■ What you have to do: Nothing but an exact copy of the records is expected here.

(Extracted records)
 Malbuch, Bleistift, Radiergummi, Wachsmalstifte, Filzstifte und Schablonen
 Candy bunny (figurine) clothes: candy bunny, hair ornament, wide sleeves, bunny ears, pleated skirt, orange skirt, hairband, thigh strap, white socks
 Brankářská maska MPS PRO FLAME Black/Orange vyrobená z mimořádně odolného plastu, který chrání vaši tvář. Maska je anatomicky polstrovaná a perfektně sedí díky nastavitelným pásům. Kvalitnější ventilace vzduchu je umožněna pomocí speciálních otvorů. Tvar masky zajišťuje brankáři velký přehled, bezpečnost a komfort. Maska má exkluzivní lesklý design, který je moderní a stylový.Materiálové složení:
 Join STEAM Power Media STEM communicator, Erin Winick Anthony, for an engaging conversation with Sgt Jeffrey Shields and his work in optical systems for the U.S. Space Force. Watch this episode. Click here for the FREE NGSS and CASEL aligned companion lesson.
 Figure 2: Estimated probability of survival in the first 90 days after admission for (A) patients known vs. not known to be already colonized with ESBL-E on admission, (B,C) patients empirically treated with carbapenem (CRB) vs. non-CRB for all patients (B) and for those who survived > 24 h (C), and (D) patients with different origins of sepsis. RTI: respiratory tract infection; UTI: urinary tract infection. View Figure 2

■ Solution to this task:
 Malbuch, Bleistift, Radiergummi, Wachsmalstifte, Filzstifte und Schablonen
 Candy bunny (figurine) clothes: candy bunny, hair ornament, wide sleeves, bunny ears, pleated skirt, orange skirt, hairband, thigh strap, white socks
 Brankářská maska MPS PRO FLAME Black/Orange vyrobená z mimořádně odolného plastu, který chrání vaši tvář. Maska je anatomicky polstrovaná a perfektně sedí díky nastavitelným pásům. Kvalitnější ventilace vzduchu je umožněna pomocí speciálních otvorů. Tvar masky zajišťuje brankáři velký přehled, bezpečnost a komfort. Maska má exkluzivní lesklý design, který je moderní a stylový.Materiálové složení:
 Join STEAM Power Media STEM communicator, Erin Winick Anthony, for an engaging conversation with Sgt Jeffrey Shields and his work in optical systems for the U.S. Space Force. Watch this episode. Click here for the FREE NGSS and CASEL aligned companion lesson.
 Figure 2: Estimated probability of survival in the first 90 days after admission for (A) patients known vs. not known to be already colonized with ESBL-E on admission, (B,C) patients empirically treated with carbapenem (CRB) vs. non-CRB for all patients (B) and for those who survived > 24 h (C), and (D) patients with different origins of sepsis. RTI: respiratory tract infection; UTI: urinary tract infection. View Figure 2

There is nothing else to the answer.